If we were sufficiently passionate about the truth and about our wonderful Saviour, surely we would exhort people to respond.  Is it fear of embarrassment, fear of failure, or just a lack of passion that prevents us?

If we don't know how else to encourage a response we could at least put the address of a good website such as on our carol sheets, notice sheets, take-home invitation.  Let's put the passion back into Christmas this year.

Incidentally, there are lots of good ideas at www.Rural for making the most from the opportunities at Christmas and through the winter months.  Follow the link on the Home Page.

Do you use the Prayermate app?
Many of us are now familiar with using apps on our phones, tablets or computers. They are a quick and simple way to access all kinds of applications. Several times over the past 18 months I have wondered whether it would be possible to have an app that would bring you new and prayer requests at the touch or click on a button.

A few days ago, Gordon Banks, our Chair of  Trustees introduced me to PrayerMate. A simple app designed to help Christians in their daily prayer life.  With PrayerMate you can adapt it to enable you to get the latest requests for prayer, items for thanksgiving and more.  You can set it up easily to link to various mission societies or individual Christian workers provided they have registered with PrayerMate including Rural Mission Solutions.

It works with both the Apple platform (IOS) and Android.  I encourage you to go to your application store and download the app which is completely FREE.  Once you have the app on your device search for Rural Mission Solutions.  Most will find this an easy process, but I plan to create a short video with step by step instructions soon.  You will find that there are various ways in which you can adapt PrayerMate to suit you.  If all this sounds new to you you could take a look at this video.  Once you have set up the app, or if you are already using it, please send me a short email to let me know.

Barry - 230th August 2019.

Tuesday, 10 September 2019

Loving God means...

How do We Love God?
Recently I have been pondering the New Testament references to Deuteronomy chapter 6 verse 5.  The NIV translates the Hebrew, Love the Lord your God with all your heart and with all your soul and with all your strength.”    The more I ponder the more Iam aware that loving God is about more than an emotional response.

There are three references to this in the Gospels.  Matthew and Mark both have Jesus quoting it in answer to a question about what is the greatest commandment.  In Luke, we find it being quoted by a pharisee in answer to a question from Jesus.

Matthew adds the word “mind”, but omits “strength”.  Mark adds “mind” and retains “strength”, as does Luke.  Since this is described as the greatest of commandments and on which all the other commandments hang, it is well worth taking some time to think through exactly what the text is saying.  So, I have been asking, “What does it mean to love God?”, and “How does this relate to heart, soul, mind and strength?”

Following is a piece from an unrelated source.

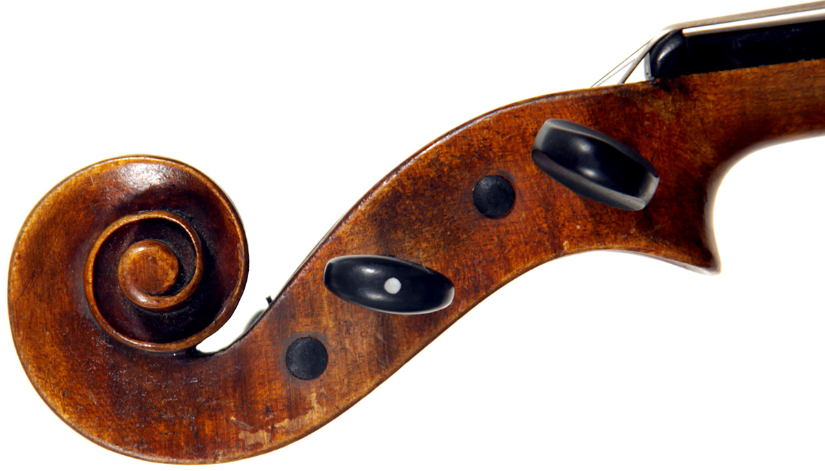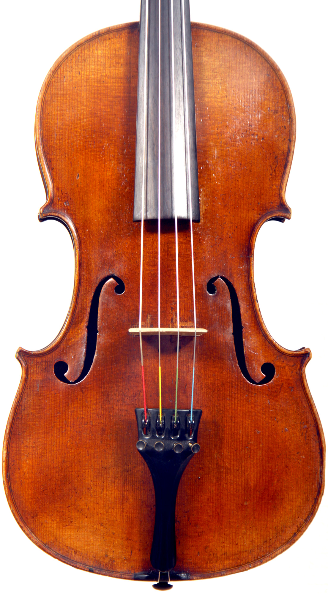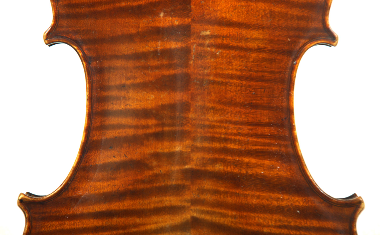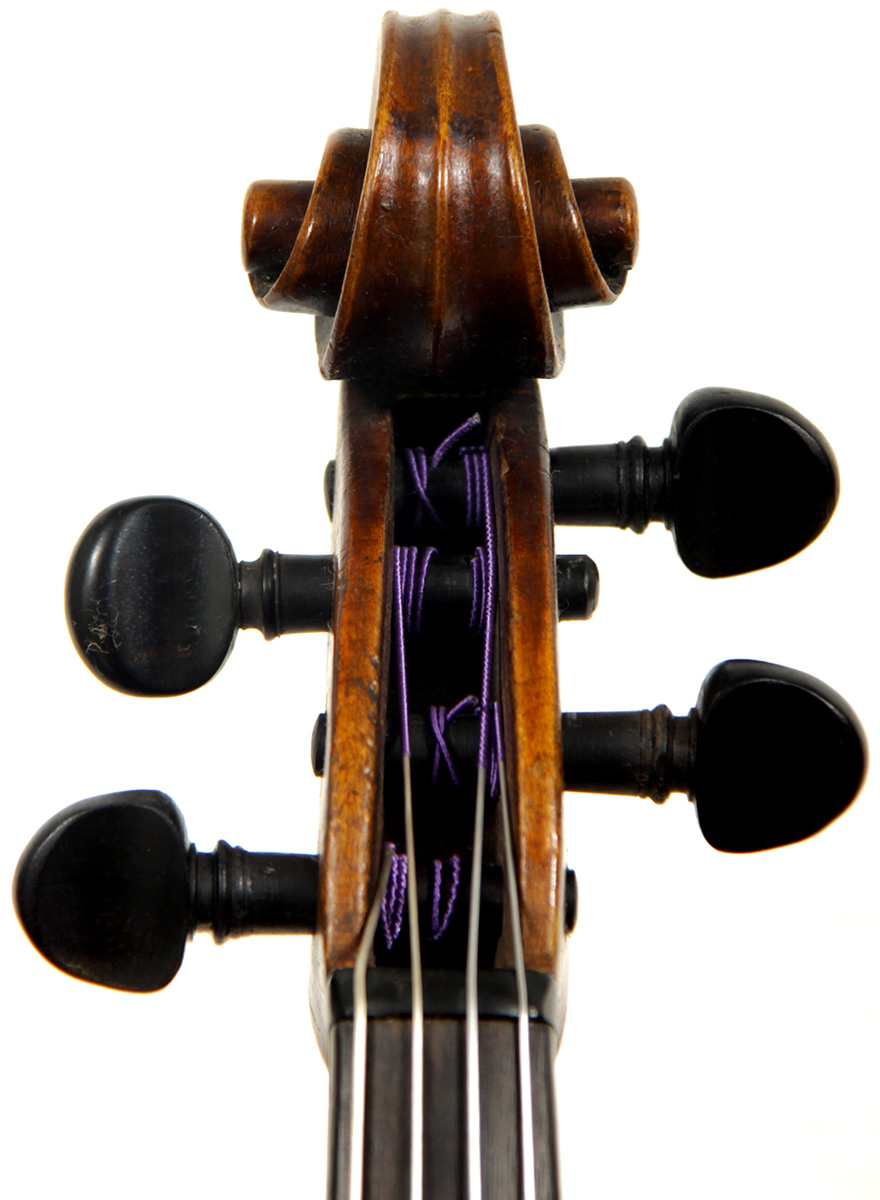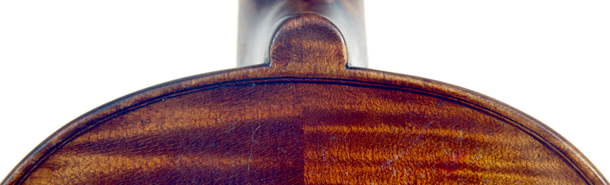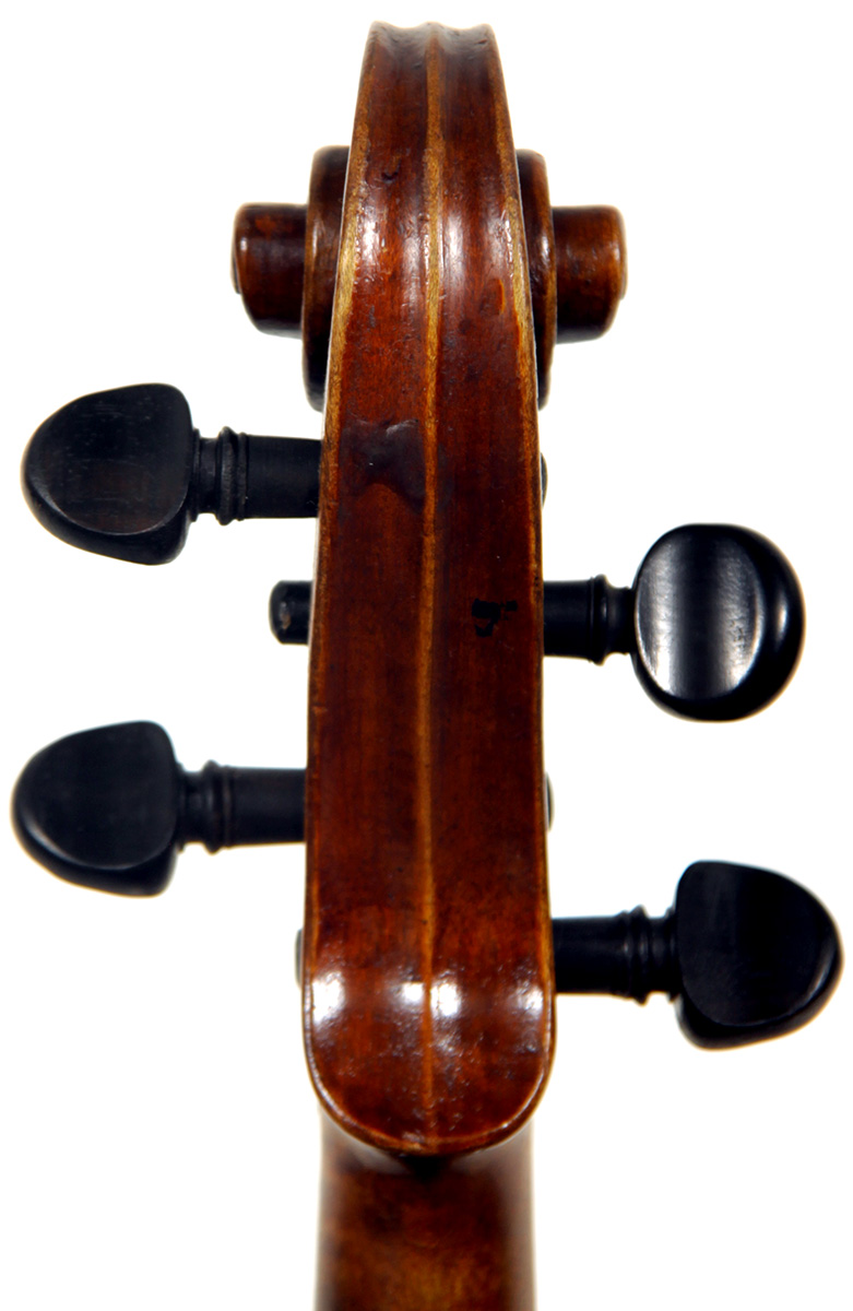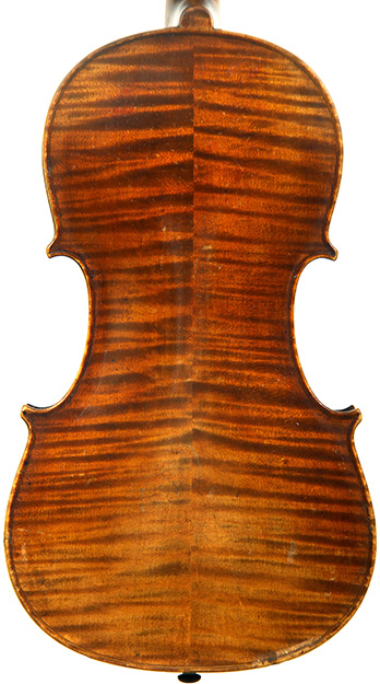 This viola bears a generic Stradivarius label used in many commercial instruments from that period and shows respect for high standards in the selection of good materials. Adding to its appeal is its relatively small size (back length of 39.2 cm), which indicates that it was made with a smaller person in mind.
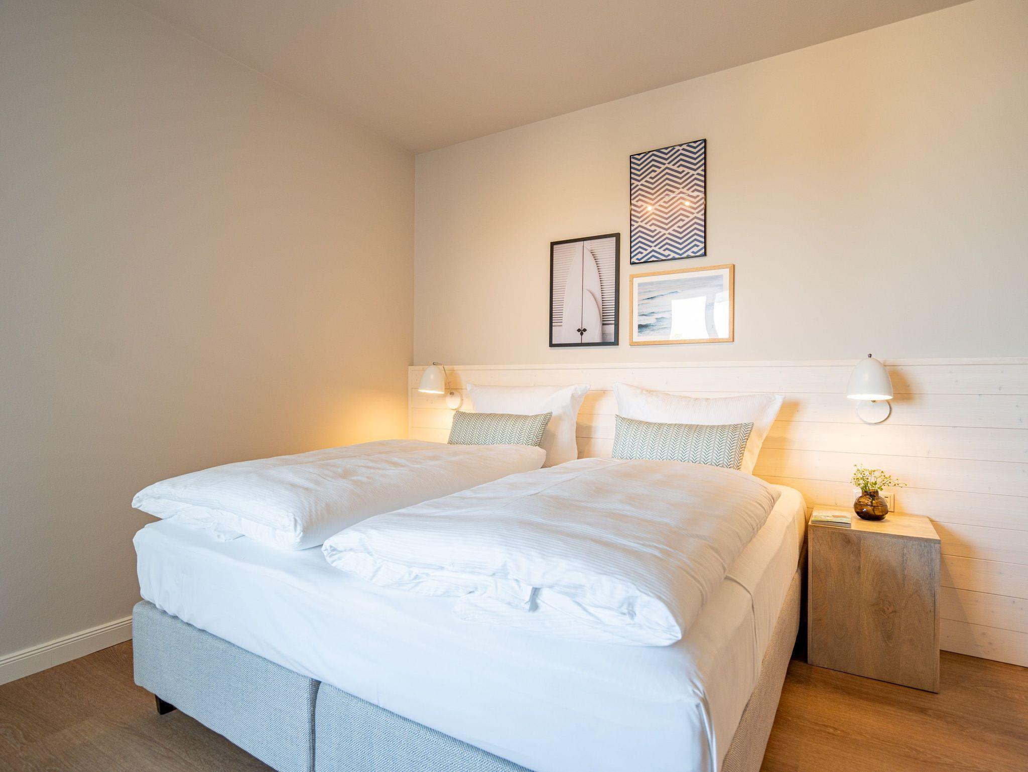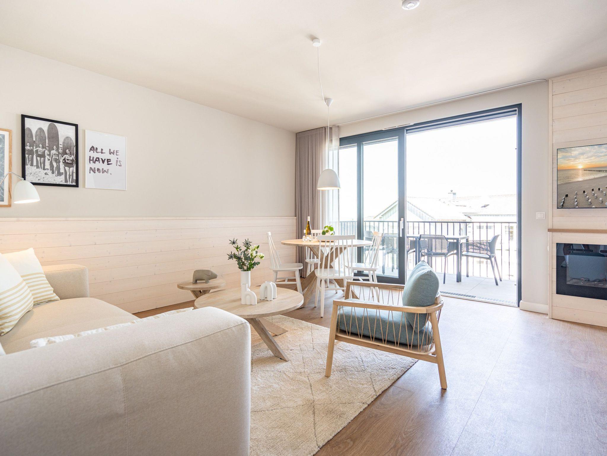 Die 2024 fertig gestellte Strandterrasse liegt direkt an der belebten Strandpromenade und bietet einen einzigartigen Ausblick auf die Grand Dame der historischen Seebrücken sowie die historische Konzertmuschel, einem beliebten Treffpunkt für Kunst und Kultur. Dahinter liegt die Ostsee ? ein Panorama, das zu den schönsten in den Kaiserbädern gehört. Es ist wie das Abtauchen in eine andere Zeit. In eine Zeit, in der man mit Stock, Sonnenschirm und Hut fürs „Sehen und gesehen werden“ über die Promenade schlenderte; aber auch in eine Zeit, in der ? damals wie heute ? Zeit einmal für eine kurze Weile keine Rolle spielt. Weil man angekommen ist im Loslassen, Entspannen und Genießen. Es ist dieser besondere Geruch nach Meeresluft und Freiheit, der in Erinnerung bleibt. Dazu die Bilder, die man mitnimmt. Von langen Strandspaziergängen, vom Lachen in fröhlich schäumenden Ostseewellen, von der Zeit in einem wunderschönen Urlaubsdomizil. Denn genau das ist die Strandterrasse mit ihren 56 modernen und exklusiven Ferienappartements direkt gegenüber der Ahlbecker Seebrücke. Die Ein-, Zwei- oder Dreizimmerwohnungen ? zwischen 40 und 70 Quadratmeter groß ? sind von einer Innenarchitektin gemeinsam mit unserem Erfahrungsschatz an Gästewünschen mit viel Liebe zum Detail und ganz individuell konzipiert worden. Entspannung und Wohlfühlen stehen an erster Stelle. Alles ist aufeinander abgestimmt und sorgt für eine gemütliche Atmosphäre. Wählen Sie zwischen einem Domizil in einem hellen, sandfarbenen Designkonzept oder einem Appartement mit anthrazitfarbenen Farbakzenten. Alle Appartements verfügen gleichermaßen über eine stilvolle und komfortable Einrichtung, die passgenau angefertigt worden ist, sowie über moderne Küchen und Bäder. Jedem Schlafzimmer ist ein eigenes Bad mit Dusche zugeordnet (außer App. B4.5). Die Appartements besitzen fast alle einen Balkon ? viele schauen sogar zur Ostsee hinaus. Die meisten Feriendomizile haben einen Elektrokamin und Infrarotsaunen. Im Erdgeschoss befindet sich ein separater Gemeinschaftsraum für Fahrräder. Außerdem besteht die Möglichkeit, im Gemeinschaftswaschraum 2 Waschmaschinen [&] Trockner zu nutzen. Ergänzt wird das Angebot durch eine Gemeinschaftssauna, die täglich von 11:00 bis 22:00 Uhr nutzbar ist. In der Tiefgarage (Einfahrtshöhe 2,03 Meter) steht für jede Wohnung 1 Pkw-Stellplatz zur Verfügung. Ist alles zur Zufriedenheit untergebracht? Dann kann der Urlaub ja beginnen. Und beim Blick vom Balkon über die Ostsee treffen sich zum Sonnenaufgang das Heute und das Damals. Gelassenheit legt sich beim Gang hinunter an den Strand auf die Seele. Jetzt darf die Zeit stehenbleiben.

The answer to the first question is probably best answered by the words of Jesus to his disciples: “If you love me, keep my commandments” (John 14:15).  Here, and in all three places where the text from Deuteronomy is quoted, the word,”love” is translated from the Greek word “agapao) which many might describe as the highest form of selfless love.  We cannot claim to love God if we fail to act in ways that pleases him.

We are left with the question, how do we love with “all our heart”, with “all our soul”, with “all our mind” and with “all our strength”?  While our New Testaments in English are translated from Greek, It is probable that Jesus spoke in Aramaic.  Aramaic was a language closely related to Hebrew. It is probable that Jesus would have known Hebrew and also Greek, but the common language in Israel at the time of Jesus was Aramaic.But it’s not just the original language of the text that is important, we also need to understand how those with whom Jesus spoke would understand these four concepts.

In Hebrew thought, and probably therefore in Aramaic, “soul” is not a part of you.  It is the essential you; what it means to be a living being.  It has a root that links it to breath. God breathed into Adam and he became a living being. So, “loving God with every breath in my body” might be helpful.  It about putting your whole being into it.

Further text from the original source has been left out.